# City Maps and Population



## Devor (May 22, 2020)

Hi Scribes!

I've been looking into making a city map for my story and I've run into a problem figuring out the size of the city vs the size of the map.

What would a city map look like for the following populations?

40,000
200,000
500,000
1,000,000 people

I know it depends a lot on the region and the time period.  Road sizes used to be smaller, buildings more packed.  And are there interesting or unusual things worth marking on a medieval city map?

Specifically I'm looking for sample maps, as well hoping to start a discussion on the topic.


----------



## Maker of Things Not Kings (May 23, 2020)

Devor,


I don't have much experience with this sort of mapping but, in my saved archives, I had a few posts saved.

Notes on Medieval Population Geography

That one is about population density per square mile. Interesting but not much actual map making info to go on. 

And this second link is a wealth of city maps from the Medieval era. I don't think it gives the population at the time of each maps creation but that would easy to google or wiki I imagine.  
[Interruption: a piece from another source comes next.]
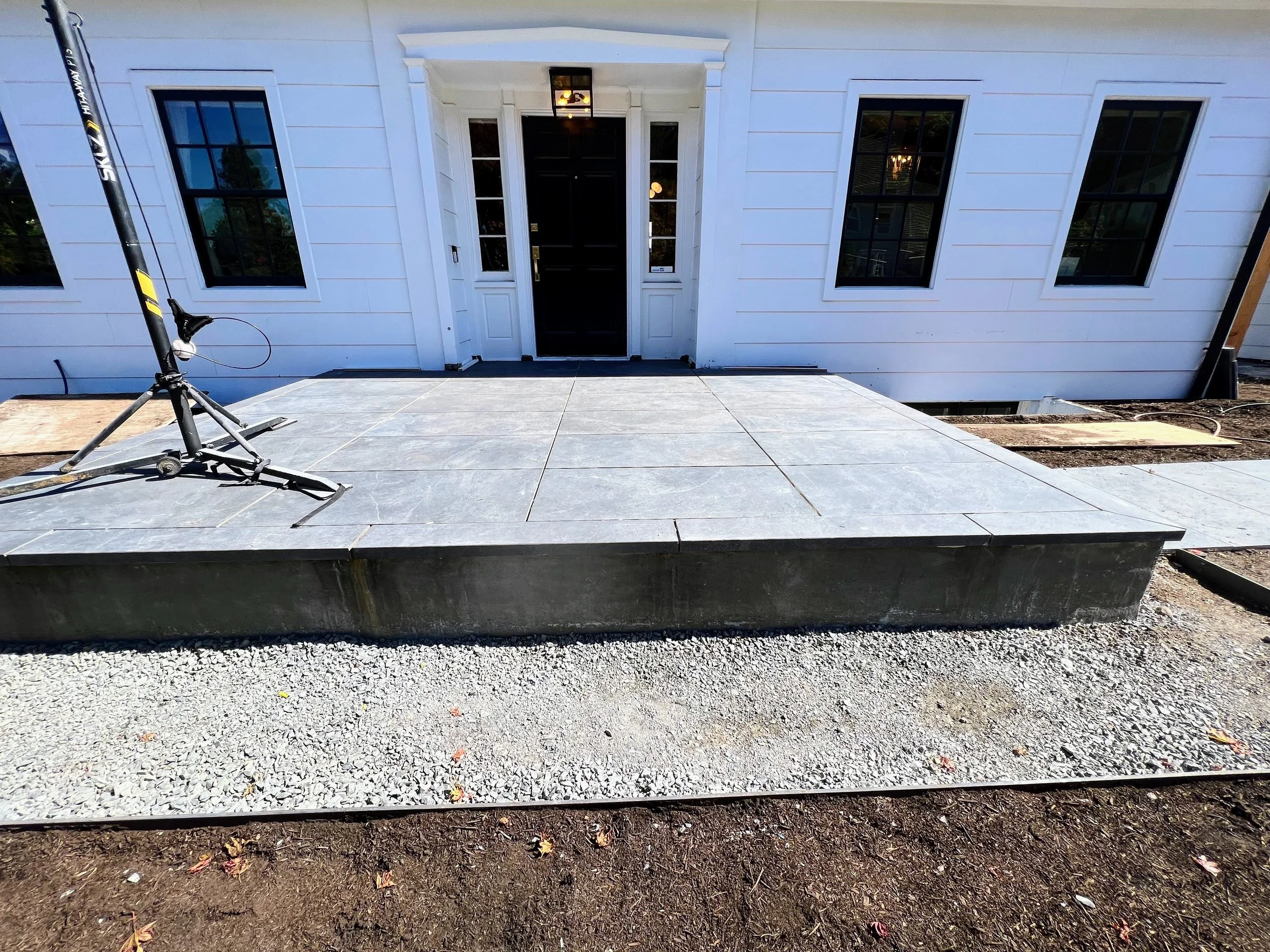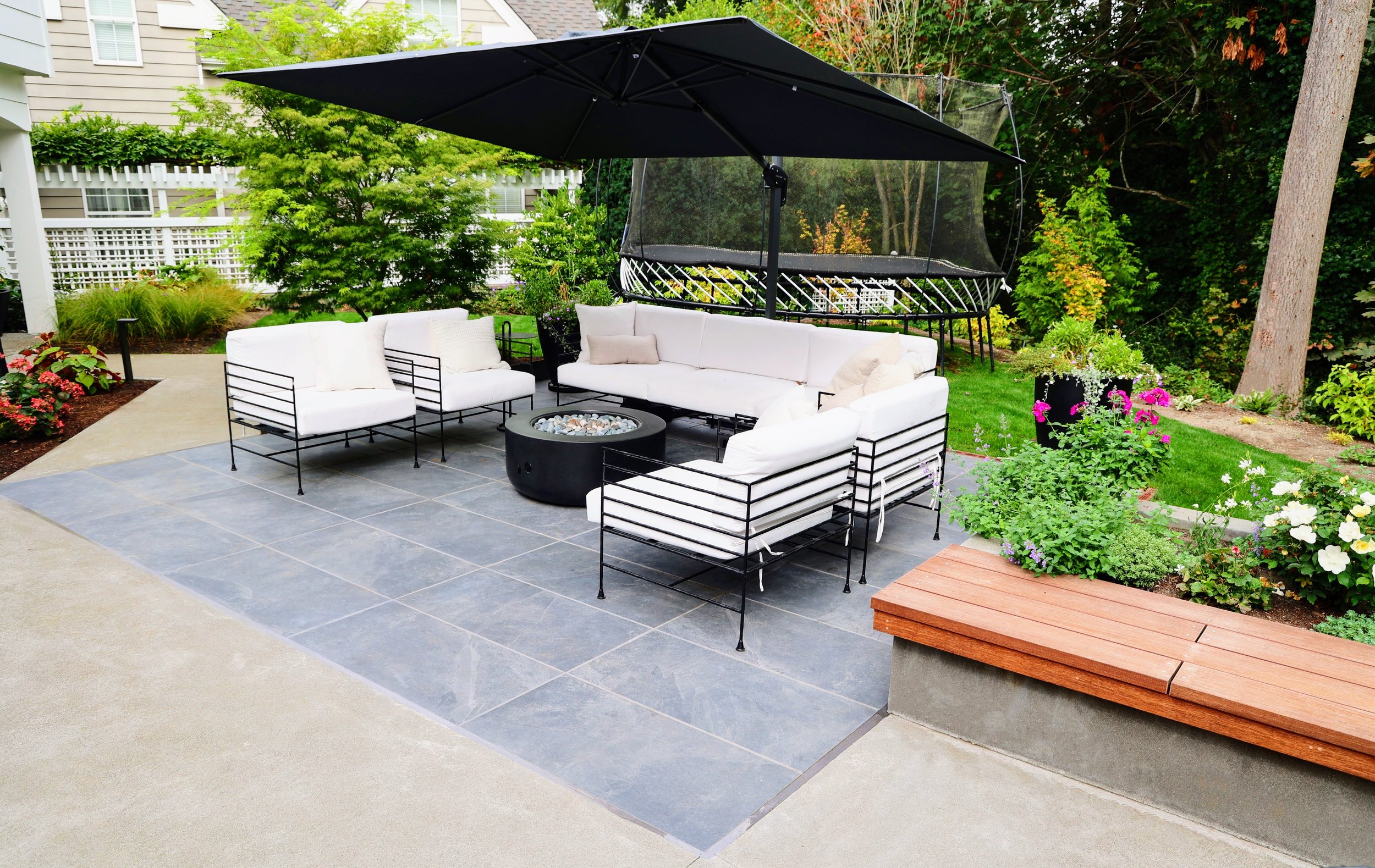Create a separate space for the lounge firepit patio by using porcelain pavers to define the space.

Amazing Maps of Medieval Cities

There are also a few medieval city map generators which might give you a few ideas for the shape and size of a map if required. Can't vouch for their accuracies and quality but they're always fun to see and play around with.  


The thing about maps, to my limited understanding, from that time is that the populations of a city might change drastically in a short period. More downward due to the effects of disease/plague than upward due to mass migration (which came later). But the maps were not redrawn every year or two. The actual layouts of the cities changed slowly until later periods where populations exploded so the same city map that once represented a city of 30,000 might find itself representing a city of only 20,000 a few years later without change. 

Best of luck!


----------



## Kasper Hviid (May 24, 2020)

I can't say how to make a city map fit a specific population count. But I personally don't think it matters much, at least not to most readers who wouldn't be able to tell the difference anyhow. I personally skip past maps in novels pretty quickly, unless they are exceptionally well executed. That's what matters most about maps in novels, I think. That it looks like a genuine hand-drawn map, and not like some digital mashup.

Here's my map-making notes:

Add items like the Eiffel Tower lying down, or an oil tanker, to give yourself a sense of scale. You can also add a day’s journey.

If your map is small enough to show people, try adding a few. This really helps the viewer see the true scale.

In medieval times, the laws of perspective were not entirely understood. So the perspective may shift between top-down view, weird takes on isometric view and symbolic directly-in-front view.

Experiment with different types of lettering. Longhand, uppercase, blackletter, serif.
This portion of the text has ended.